Virgil Thompson on the Boston Symphony

Virgil Thomson was the Herald Tribune music critic. An acclaimed composer in his own right, Thomson was widely considered the top critic in the field both for his insights and for his literate and readable writing style. Other music critics of the day often get lost in technical jargon that only musicologists could follow. Thomson managed to write assessments that addressed technique but also were understandable to the layman.
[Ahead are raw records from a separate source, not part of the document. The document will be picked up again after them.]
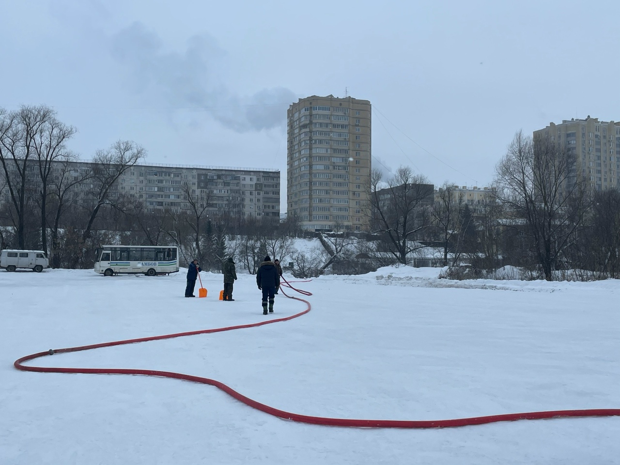 Сегодня в Тамбове начали заливать самый большой уличный каток за Тезиковым мостом. Работники сформировали снежную подушку, а сегодня продолжили проливку водой для создания ровной поверхности.
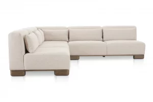 Designed with modular components that expertly function as standalone pieces or as part of modular configurations, the June collection is all about versatility. Wrapped in warm-toned, textured performance fabrics and elevated by oversized oak veneer legs, this piece combines everyday living and understated elegance. Built for ultimate relaxation — the plush feather and fiber fill, along with lumbar toss cushions, offer ultimate comfort. Consists of 3 modular parts: 2 slipper and 1 corner chair for easy switch around.
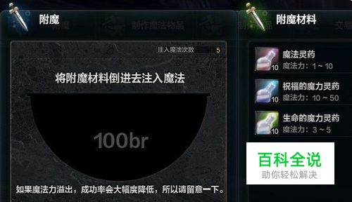每 次附魔的时候,最多只能加5个魔法灵药~关键就是在这5次~一定要注入5次,是的一定要5次~不能少于5次~~不够5次的话到达99br(100br的我 倒是没遇到过)的,90%都会失败的,当然够了5次,溢出了,失败的可能性也是90%,所以遇到这两种情况果断退出,不要心疼你的灵药,因为你点下去的时 候损失将会更大
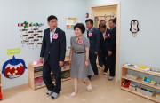 무태조야동 ‘공립 연경 어린이집’이 지난 3일 개원식을 가지고 배광식 북구청장을 비롯한 관계자들이 어린이집 내부를 둘러보고 있다. 북구 제공 대
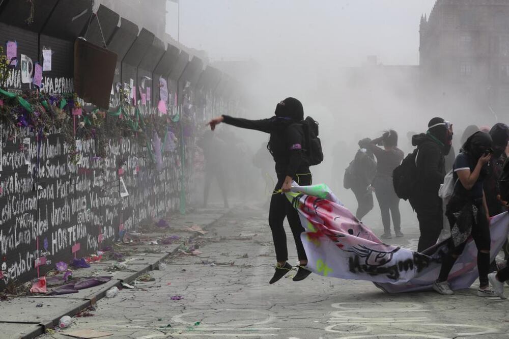 Al grito de “no va a caer, lo vamos a tirar”, las mujeres armadas con martillos, aerosoles, lazos, entre otros, quitaron ya cuatro vallas de dos metros que protegen Palacio Nacional, a la altura de la puerta mariana.
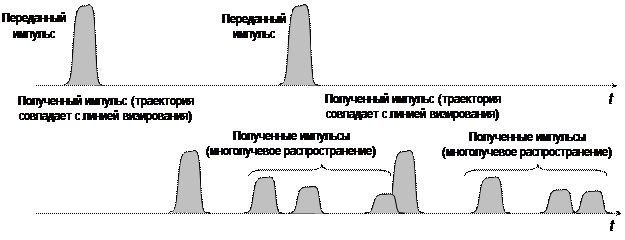 Другим явлением, важным при передаче цифровых данных, является межсимвольная интерференция (intersymbol interference — ISI). Рассмотрим передачу узконаправленного импульсного сигнала заданной частоты по каналу между неподвижной антенной и мобильным устройством. На рис. 10 показано, что может доставить канал, если импульс передается в два разных момента времени. На верхней части рисунка представлены два импульса в момент передачи. В нижней части изображены сигналы, поступающие на приемник. В обоих случаях первый принятый импульс — это желаемый сигнал, пришедший по линии прямой видимости. Мощность это импульса может меняться в зависимости от степени поглощения атмосферой. По мере удаления мобильного устройства от неподвижной антенны атмосферное поглощение прямого сигнала будет возрастать. Однако кроме прямого импульса могут получаться вторичные сигналы, образованные вследствие отражения, дифракции или рассеяния. Предположим, что рассматриваемый импульс содержит один или более закодированных битов информации. В этом случае одна или больше запоздалых копий импульса могут приниматься одновременно с основным импульсом следующего бита. По отношению к следующему импульсу такие запаздывающие импульсы являются шумом, затрудняющим восстановление данных.

As a composer he was noted for his avant garde pieces like his operas written in collaboration with Gertrude Stein although he also wrote in a more accessible style at times, particularly in his film scores, which had references to American folk music.
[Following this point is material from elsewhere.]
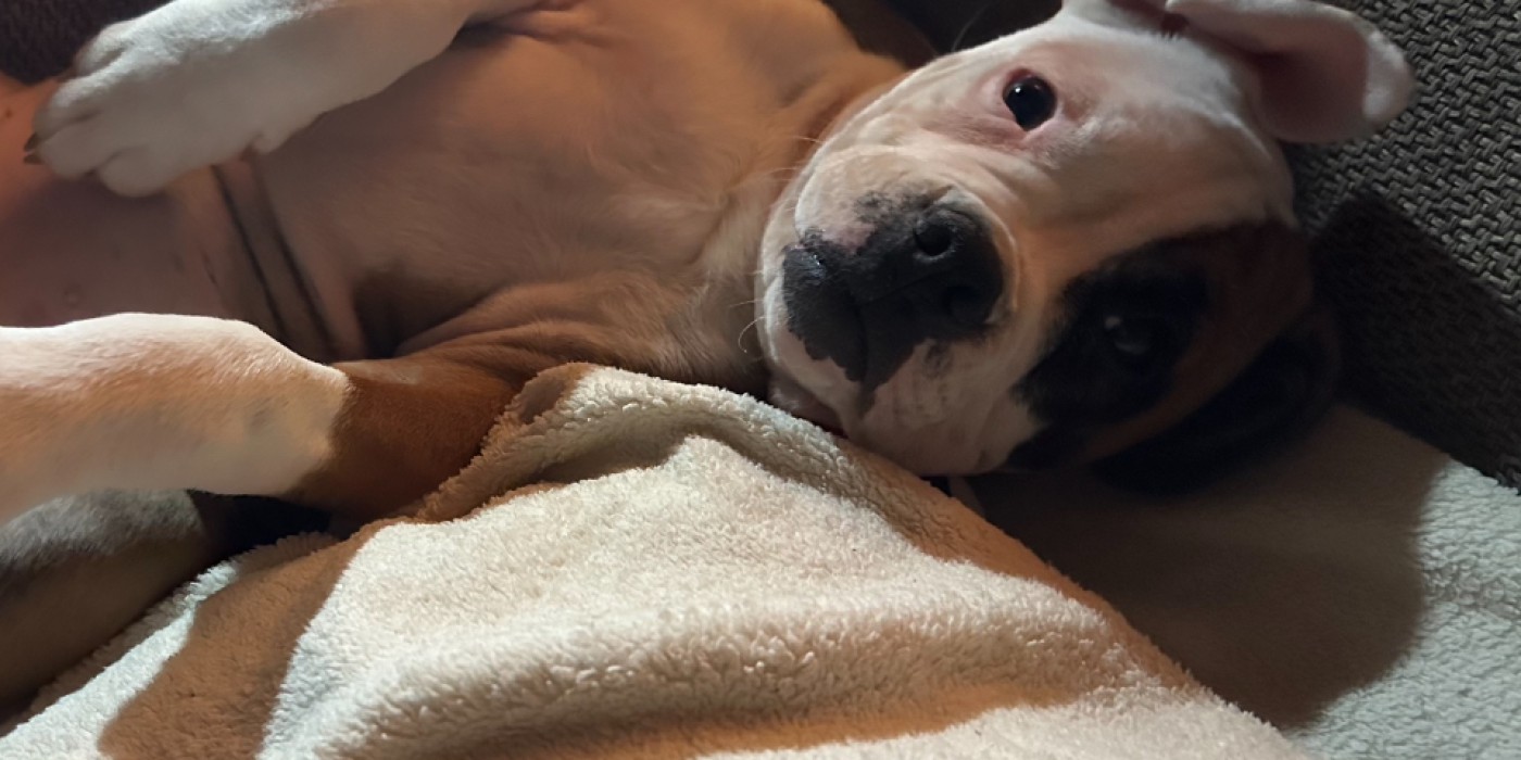 Weiß, rotbraun mit dunkles Mal am linken Auge. Rechts (weißes Fell) halb blaues/braunes Auge.

He was fairly prototypical of the Modernist generation of writers, artists and musicians born around the turn of the century and now middle-aged and mid-career in 1946. He was born in the Midwest in 1896, educated at Harvard, served in World War One and went to Paris in the Twenties. Like his cohorts, he rebelled against the middle-class conventions with which he was raised. He lived in the ultra-Bohemian Chelsea Hotel. He was also gay and served as a mentor for the next generation of gay musical talent including Leonard Bernstein and Ned Rorem.

On April 14, the news section of the Sunday Herald Tribune carried his review of the Saturday afternoon concert of the Boston Symphony Orchestra at Carnegie Hall. He commended conductor Serge Koussevitzky for presenting two new works and chided him slightly for having neglected this promise recently. Thomson gently dismissed David Diamond's "Rounds For String Orchestra" as "pleasant of sound but a little low in both expressive and musical interest." He was more appreciative of Samuel Barber's "Concerto for Cello and Orchestra," featuring cellist Raya Garbousova, for whom it had been written. Thomson wrote that it was "not quite a masterpiece" but a "fine, big work" that was "both adequate and suitable to a permanent place on our standard symphony orchestra programs." The concert concluded with what Thomson called "the usual Brahms."

Thompson also had a column this day in the arts and entertainment section.